Author a tagged PDF for accessibility from HTML

Use this recipe to create a tagged PDF from semantic HTML. NextPDF writes the logical structure tree, the catalog language, and the PDF/UA-2 markers. A checker decides conformance. This recipe follows examples/31-pdfua2-tagged.php.

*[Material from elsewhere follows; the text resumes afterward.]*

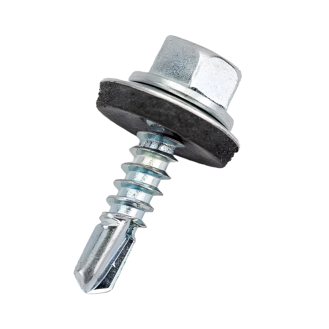Шайба з металу, стійкого до іржі (зазвичай це алюміній чи сталь). Вона допомагає розподіляти тиск на матеріал, коли засвердлюють шуруп. Завдяки цьому EPDM-ущільнювач не покривається тріщинами, а на профнастилі або металочерепиці не залишається вм'ятин (звичайно, якщо ви не перетягнули шуруп).

  • Install Core: composer require nextpdf/core:^3.
  • Use a PDF/UA validator for verification. The example uses veraPDF.
  1. Create the document.
  2. Call enableTaggedPdf() with a Best Current Practice (BCP) 47 language tag before writeHtml(). The HTML pipeline detects tagged mode when it builds the parser, then connects the tagged-content emitter.
  3. Set the document metadata (title, language). You can call setLanguage() safely with enableTaggedPdf() because it is idempotent.
  4. Write semantic HTML. The parser maps each block element to a structure element: h1 to H1, p to P, ul/li to L/LI, and table to Table/TR/TD.
  5. Save, then validate with a PDF/UA checker.
<?php
declare(strict_types=1);
require_once __DIR__ . '/vendor/autoload.php';
use NextPDF\Core\Document;
$doc = Document::createStandalone();
// Step 2 — enable tagged mode BEFORE writeHtml(). The lang argument
// drives the catalog /Lang entry and the structure tree root language.
$doc->enableTaggedPdf(lang: 'en');
// Step 3 — metadata. setLanguage() restates intent; it is idempotent here.
$doc->setTitle('Accessible Report');
$doc->setLanguage('en');
$doc->addPage();
// Step 4 — semantic HTML. Each block element becomes a StructElem; text
// runs are wrapped in BDC/EMC operators with stable MCIDs.
$html = <<<'HTML'
<h1>Quarterly Accessibility Report</h1>
<p>This document opts into tagged PDF so assistive technology can expose
a meaningful reading order.</p>
<h2>Findings</h2>
<ul>
<li>Headings carry semantic roles.</li>
<li>Lists keep their item structure.</li>
</ul>
HTML;
$doc->writeHtml($html);
$doc->save(__DIR__ . '/accessible.pdf');
echo "Wrote accessible.pdf — validate with: verapdf --flavour ua2 accessible.pdf\n";
Wrote accessible.pdf — validate with: verapdf --flavour ua2 accessible.pdf

The output includes a structure tree, /MarkInfo << /Marked true >>, the catalog /Lang entry, and the pdfuaid:part XMP marker. Run the checker to confirm that these items are present and internally consistent.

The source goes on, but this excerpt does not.